### Work instruction
Make an exact transcript of the lines in the data below, starting with the one containing "矢(5画)加(5画)部(11画) 裕(13画)次(6画)朗(11画)" and going on through the one containing "Vulcan 231751OR Jobber", with both included and the pictures left out.

### Entries provided

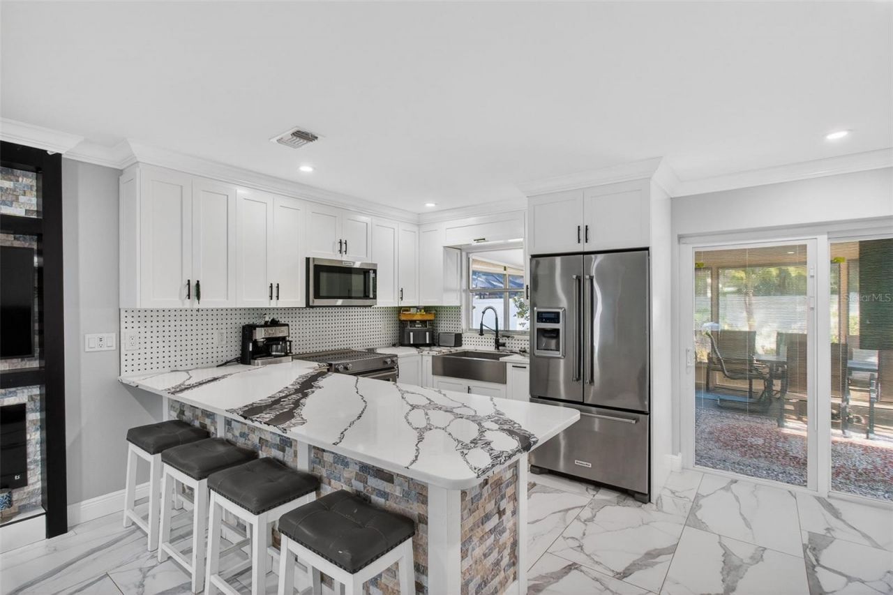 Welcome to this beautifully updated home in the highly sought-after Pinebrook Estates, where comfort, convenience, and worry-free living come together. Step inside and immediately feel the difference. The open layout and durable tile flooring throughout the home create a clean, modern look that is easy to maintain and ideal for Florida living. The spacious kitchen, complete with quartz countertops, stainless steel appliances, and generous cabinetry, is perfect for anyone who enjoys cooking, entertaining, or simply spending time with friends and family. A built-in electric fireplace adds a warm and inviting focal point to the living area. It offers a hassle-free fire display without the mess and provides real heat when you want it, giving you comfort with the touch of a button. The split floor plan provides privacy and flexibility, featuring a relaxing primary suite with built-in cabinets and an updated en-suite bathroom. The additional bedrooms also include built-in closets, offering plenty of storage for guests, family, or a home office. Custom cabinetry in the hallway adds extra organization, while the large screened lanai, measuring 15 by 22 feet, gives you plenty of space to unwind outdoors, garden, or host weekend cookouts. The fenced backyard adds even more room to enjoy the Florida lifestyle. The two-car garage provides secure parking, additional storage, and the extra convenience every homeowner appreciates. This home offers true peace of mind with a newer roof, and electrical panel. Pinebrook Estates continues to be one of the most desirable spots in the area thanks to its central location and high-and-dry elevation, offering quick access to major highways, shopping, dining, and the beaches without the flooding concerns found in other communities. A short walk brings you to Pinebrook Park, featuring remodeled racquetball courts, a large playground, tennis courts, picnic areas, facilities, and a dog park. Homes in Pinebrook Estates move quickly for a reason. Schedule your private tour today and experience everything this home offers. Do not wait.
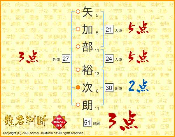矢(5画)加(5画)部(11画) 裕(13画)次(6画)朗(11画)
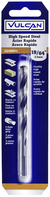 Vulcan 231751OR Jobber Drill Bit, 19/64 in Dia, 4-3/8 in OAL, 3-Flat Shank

* * *

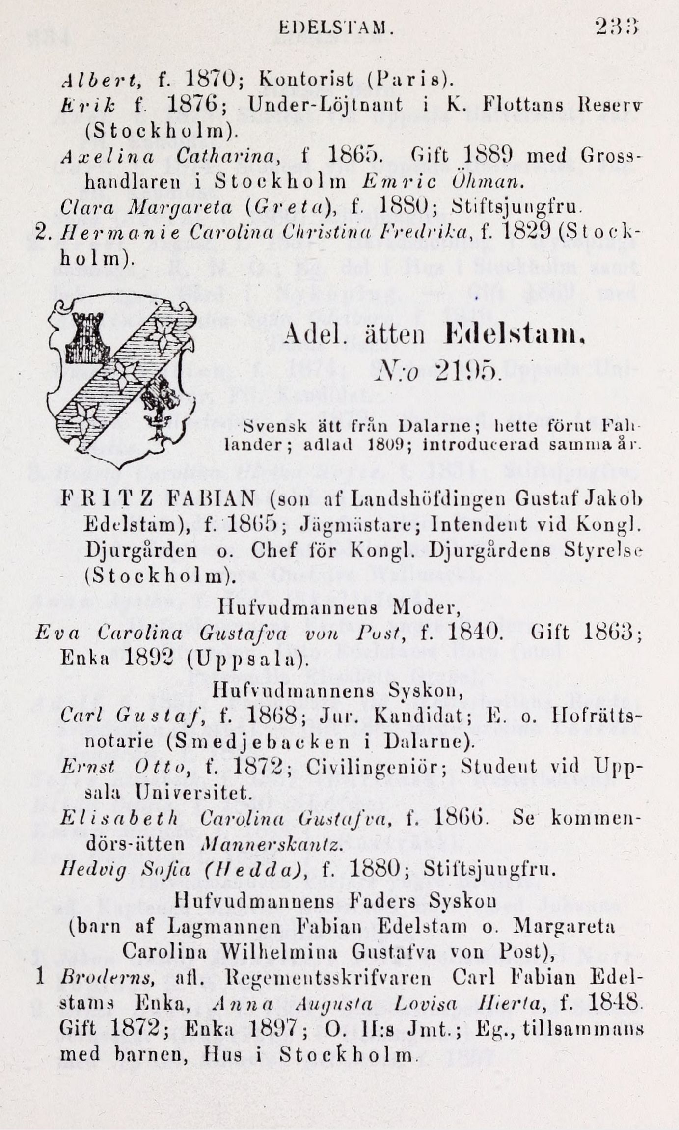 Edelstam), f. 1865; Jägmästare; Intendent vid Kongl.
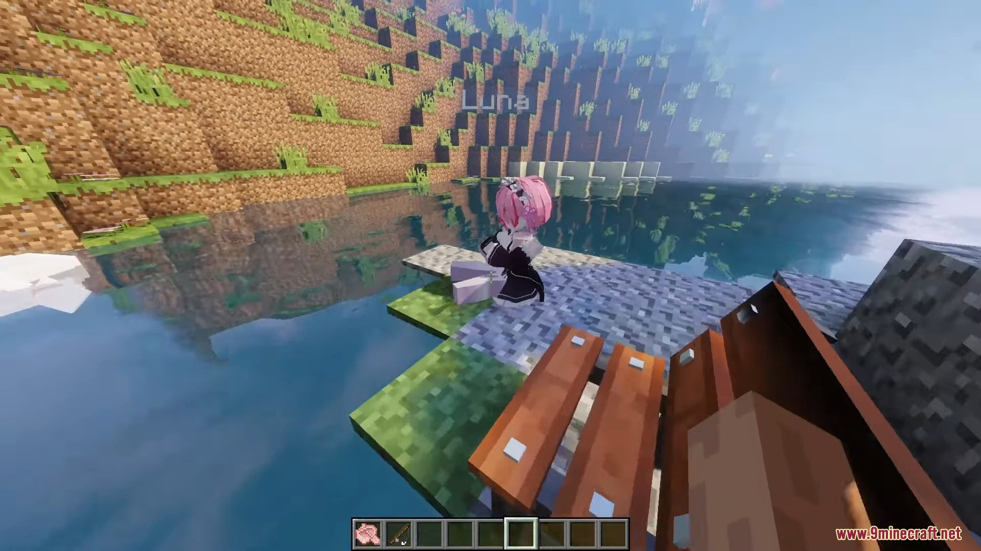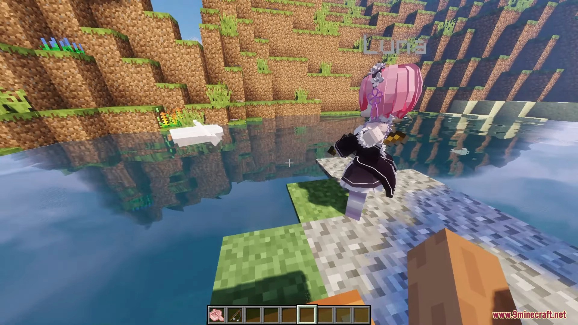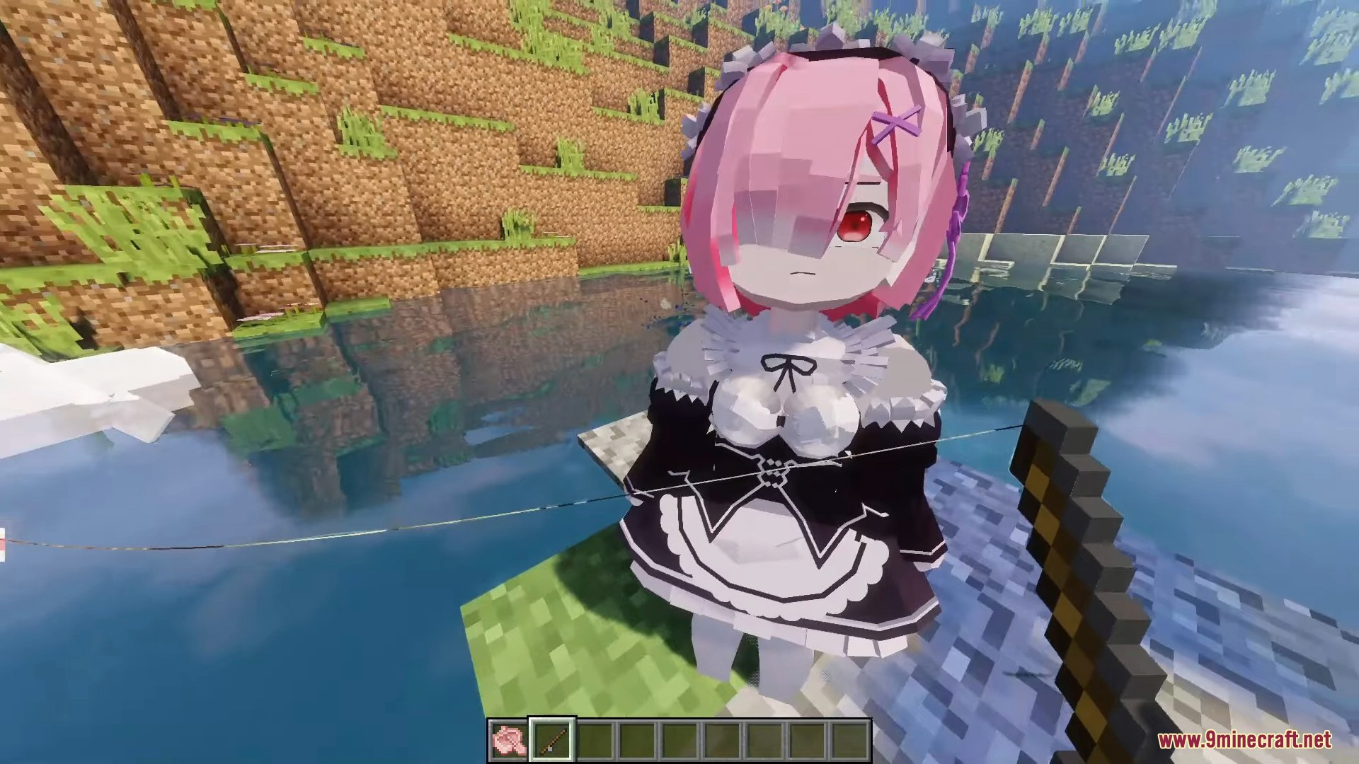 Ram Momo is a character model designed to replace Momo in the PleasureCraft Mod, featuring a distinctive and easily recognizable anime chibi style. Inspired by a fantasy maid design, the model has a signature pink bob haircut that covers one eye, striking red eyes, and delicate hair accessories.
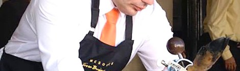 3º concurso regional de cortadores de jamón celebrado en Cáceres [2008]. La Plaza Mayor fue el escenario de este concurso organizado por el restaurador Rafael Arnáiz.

--

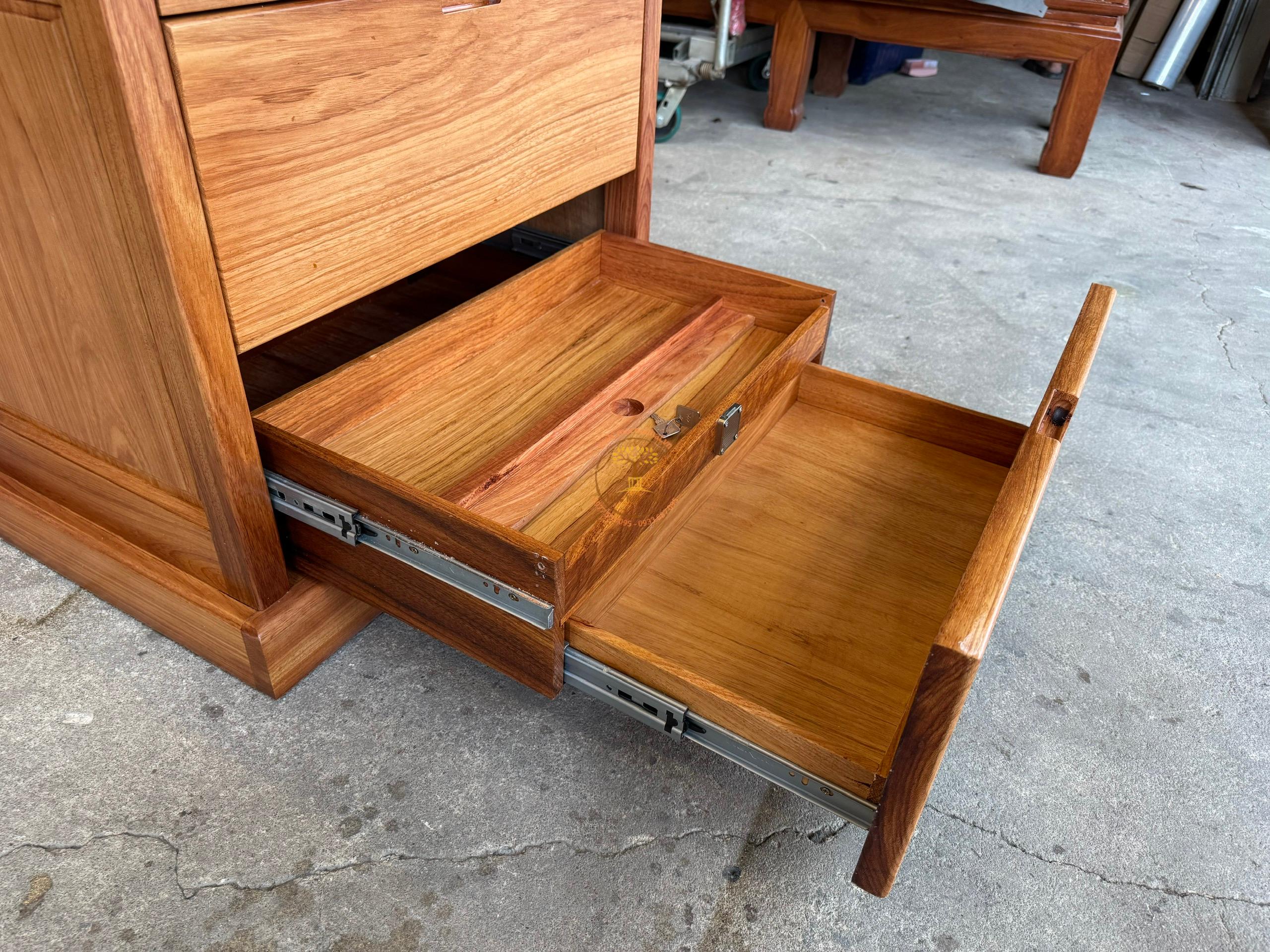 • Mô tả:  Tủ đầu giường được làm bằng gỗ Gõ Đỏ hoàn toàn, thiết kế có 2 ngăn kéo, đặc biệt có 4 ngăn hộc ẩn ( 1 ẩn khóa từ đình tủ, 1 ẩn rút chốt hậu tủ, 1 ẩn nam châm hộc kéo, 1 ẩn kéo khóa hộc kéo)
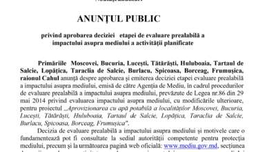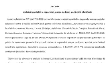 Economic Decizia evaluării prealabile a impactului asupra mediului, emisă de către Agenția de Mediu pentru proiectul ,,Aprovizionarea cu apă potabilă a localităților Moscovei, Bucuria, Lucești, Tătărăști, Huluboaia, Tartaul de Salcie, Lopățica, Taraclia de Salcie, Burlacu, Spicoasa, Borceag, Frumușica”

### Answer section
矢(5画)加(5画)部(11画) 裕(13画)次(6画)朗(11画)
 Vulcan 231751OR Jobber Drill Bit, 19/64 in Dia, 4-3/8 in OAL, 3-Flat Shank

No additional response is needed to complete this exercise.